The new Eu(5)Al(3)Sh(6) phase has been successfully synthesized as a pure phase through Sn flux methods yielding large, high-quality crystals. This structure type features disordered Al clusters that appear in the form of dual tetrahedra. It crystallizes in the monoclinic C2/m space group exhibiting a rock-salt-like Eu-Sb framework with [Al-4] tetrahedra replacing some of the cationic Eu atoms (space group: C2/m, a = 8.151(1) angstrom, b = 14.181(2) angstrom, c = 8.145(1) angstrom, beta = 109.577(2)degrees). The structure models the [Al-4] as dual tetrahedra with the Al atom sites 37.5% occupied along with Eu present on the central site at 8% occupancy and the remainder of the site being vacant.
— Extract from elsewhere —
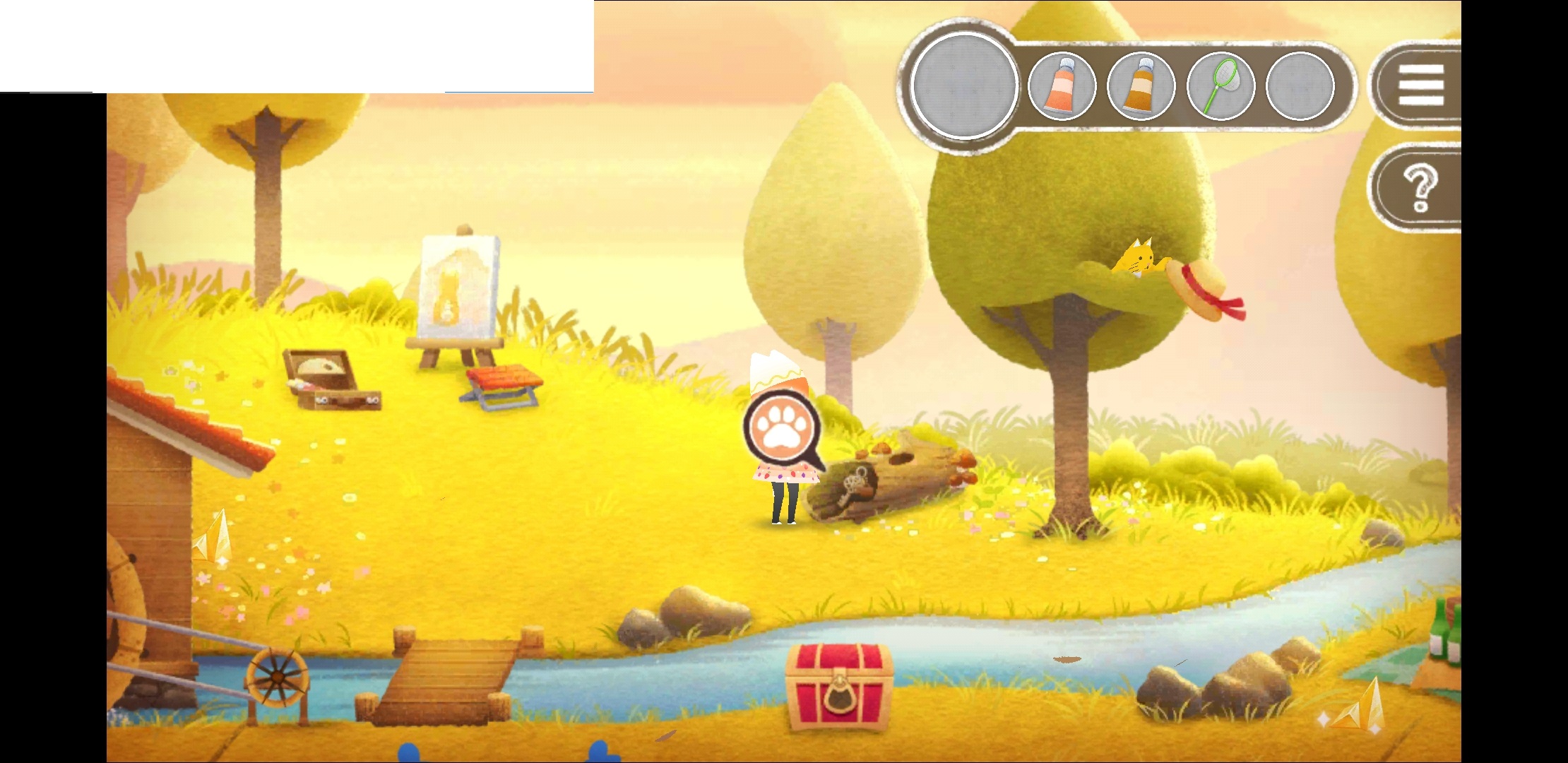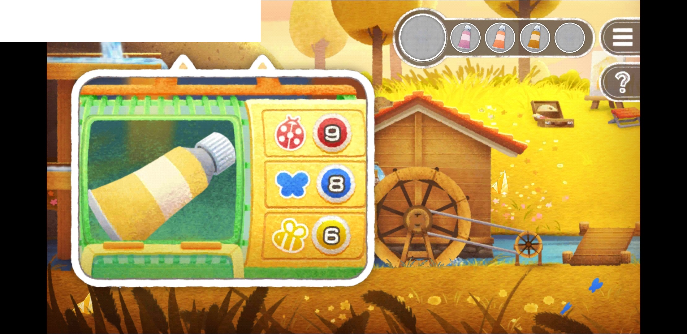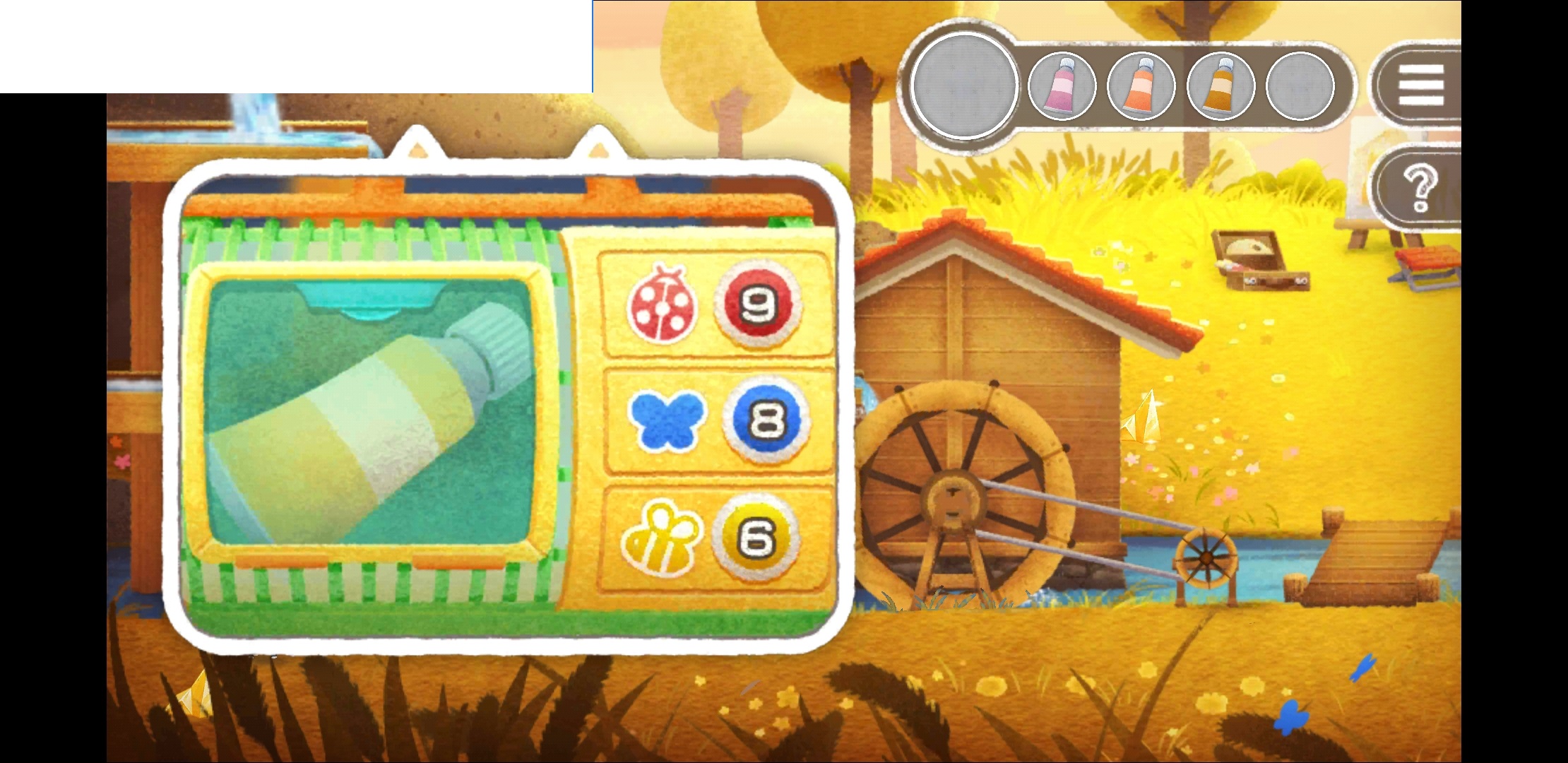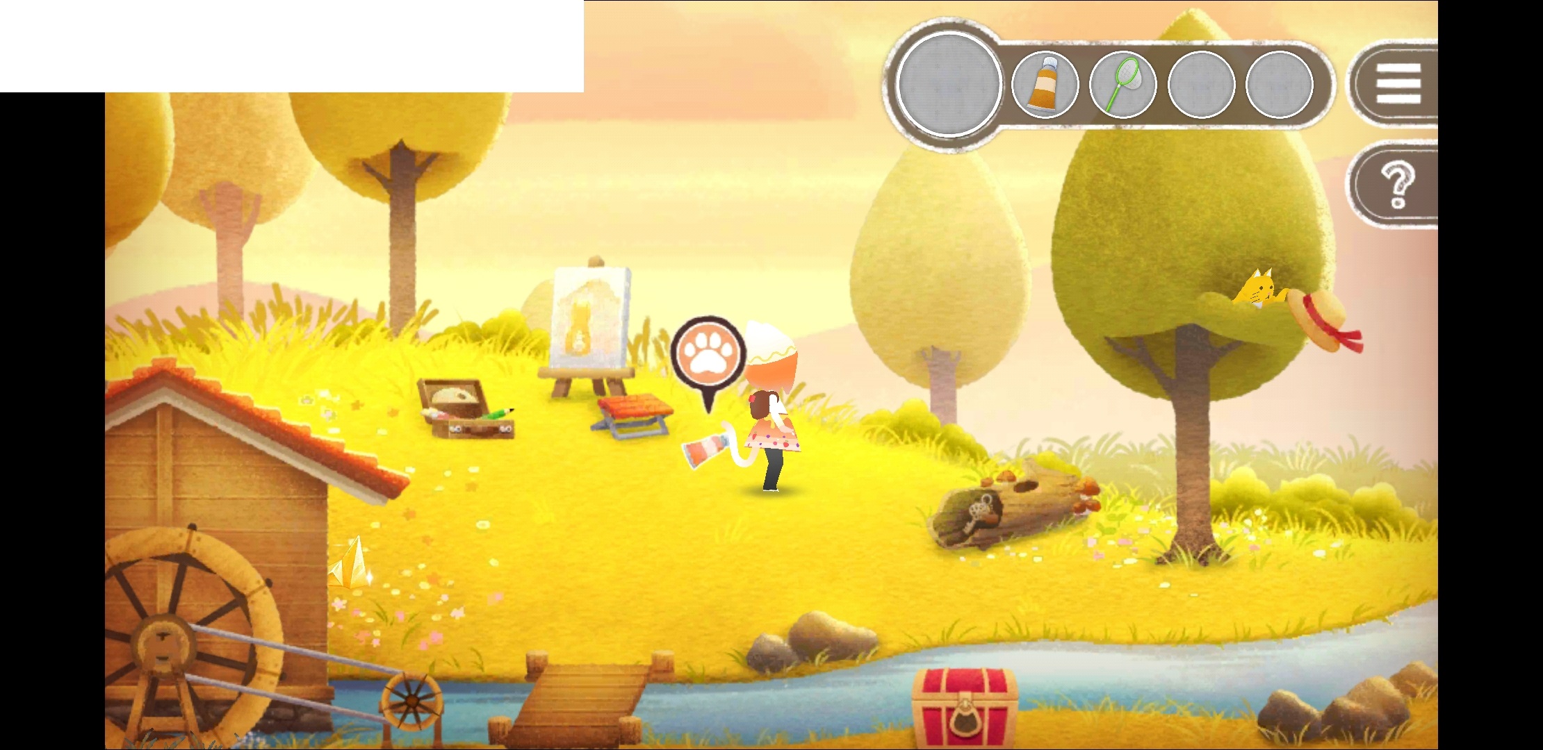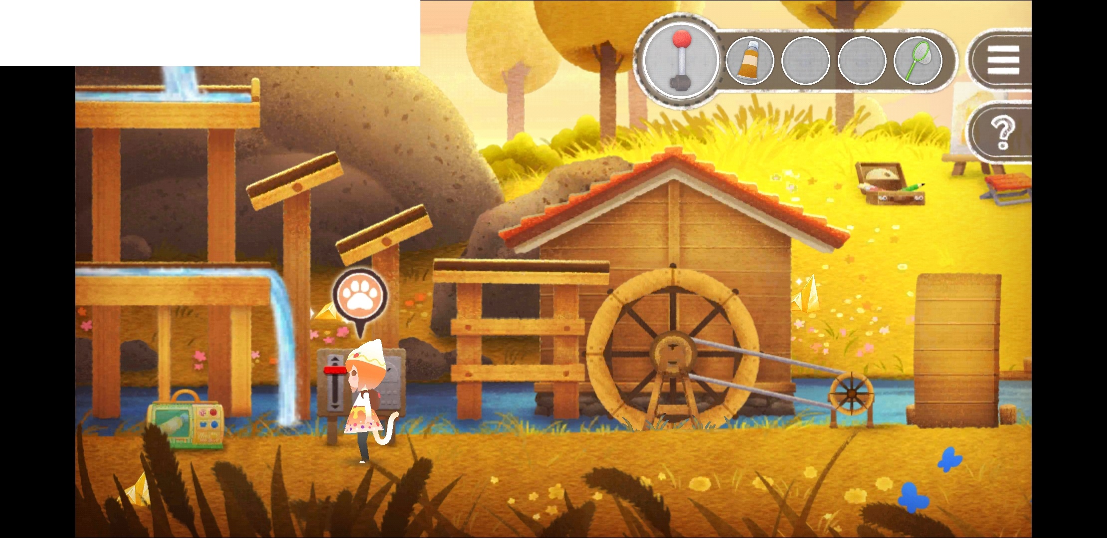 두번째 물감은 물레방아의 물을 아래까지 내리면 되는데요. 채집채를 획득하고 그거로 시냇물에 반짝이는 물건을 획득하면 손잡이를 얻을수 있구요 그거로 물레방아를 컨트롤해서 왼쪽 손잡이를 위로 올리면 왼쪽 물이동을 아래로 내리면 오를쪽 물이동을 할 수 있어요. 이동이 완료되면 물레방아 오른쪽에 다리가 내려오고 건너가면 두번째 물감을 GET!!!
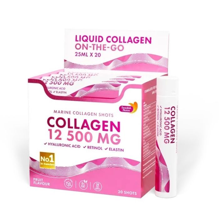 Collagen 12 500 mg е хранителна добавка, съчетаваща колаген с ретинол, еластин и антиоксиданти. Комбинацията е насочена към поддържане на стегната, сияйна и ревитализирана кожа. Спомага за косата и ноктите, носи ползи за ставите. Благодарение на комбинацията от висока доза морски колаген, антиоксиданти, ретинол, хиалуронова киселина и еластин, тази добавка действа комплексно отвътре-навън. Формулата има свойството да подпомага хидратацията, води до запълване на фини линии и бръчки и изравнява тена. Регенерира и притежава съставки с антиоксидантни свойства. Рибен колаген 12 500 мг с хиалурон, ретинол и еластин се предлага в удобни сашета – идеални за пътуване или тренировка, в течна форма за лесно усвояване, без нужда от вода, без добавена захар, с естествени аромати и оцветители.

The presence of the [Al-4] cluster is further supported by HRTEM. Electronic structure calculations show that this material is a semimetal with observed band crossings close to the Fermi level. Strong Al-Sb antibonding interactions were found from COHP calculations close to the Fermi level and provide the rationale for the deficiency of the Al cluster. Mossbauer spectroscopy on Eu-151 and Sb-121 provides oxidation states of 2+ and 3- along with the local environment. Magnetic susceptibility measurements can be described well with a Curie-Weiss law where an effective moment of 7.80 mu(B)/mol Eu is obtained, consistent with Eu2+, and show canted antiferromagnetic behavior below 10 K. Temperature dependent resistivity shows a Kondo-like low-temperature upturn caused by enhanced scattering of the itinerant electrons with the 4f orbitals of Eu.